Comparison of the relative efficacy and potency of μ-opioid agonists to activate Gαi/o proteins containing a pertussis toxin-insensitive mutation

Pertussis toxin (PTX)-insensitive mutants of G alpha(i/o) proteins expressed in C6 mu cells were used to examine the hypothesis that there are agonist-specific conformational states of the mu-opioid receptor with coupling preferences to different G alpha(i/o) subtypes, as measured by the degree of stimulation of [S-35] guanosine 5'-O-(3-thio)triphosphate (GTP gamma S) binding. Binding of [S-35]GTP gamma S to endogenous G alpha(i/o) proteins stimulated by the full mu-opioid agonist [D-Ala(2), MePhe(4), Gly(5)-ol]enkephalin (DAMGO) was completely blocked by overnight treatment with 100 ng/ml PTX. Treatment for 4 h with lower concentrations led to a PTX-dependent reduction in the maximal effect of DAMGO but no alteration in the potency of DAMGO or morphine nor in the relative maximal effect (relative efficacy) of the partial agonists morphine and buprenorphine compared with the full agonist DAMGO. Using PTX-insensitive G alpha mutants in which the PTX-sensitive cysteine was replaced with isoleucine, the potency for a series of mu-opioid agonists was highest in cells expressing G alpha(i3) and G alpha(o) and lowest with G alpha(i1) and G alpha(i2), with no significant change in the order of potency, namely, etorphine >> endomorphin-1 = DAMGO = endomorphin-2 = fentanyl = morphine >> meperidine.
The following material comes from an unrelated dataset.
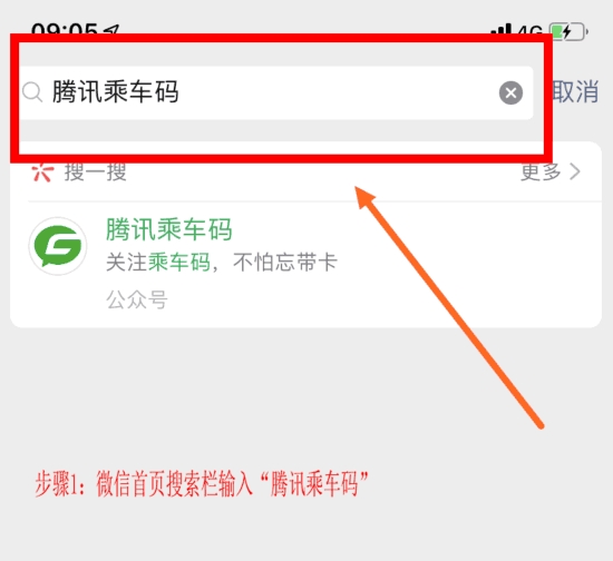 步骤一:在微信首页搜索栏输入“腾讯乘车码”

The order of agonist relative efficacy, etorphine = DAMGO = endomorphin-1 = endomorphin-2 = fentanyl >= morphine >= meperidine > buprenorphine >= nalbuphine, was also the same across all of the PTX-insensitive G alpha(i/o) subtypes. Highest relative efficacy to stimulate [S-35]GTP gamma S binding was seen with G alpha(i3). Consequently, reported observations of agonist-directed trafficking at mu-opioid receptors most likely involve non-PTX-sensitive G alpha protein mechanisms.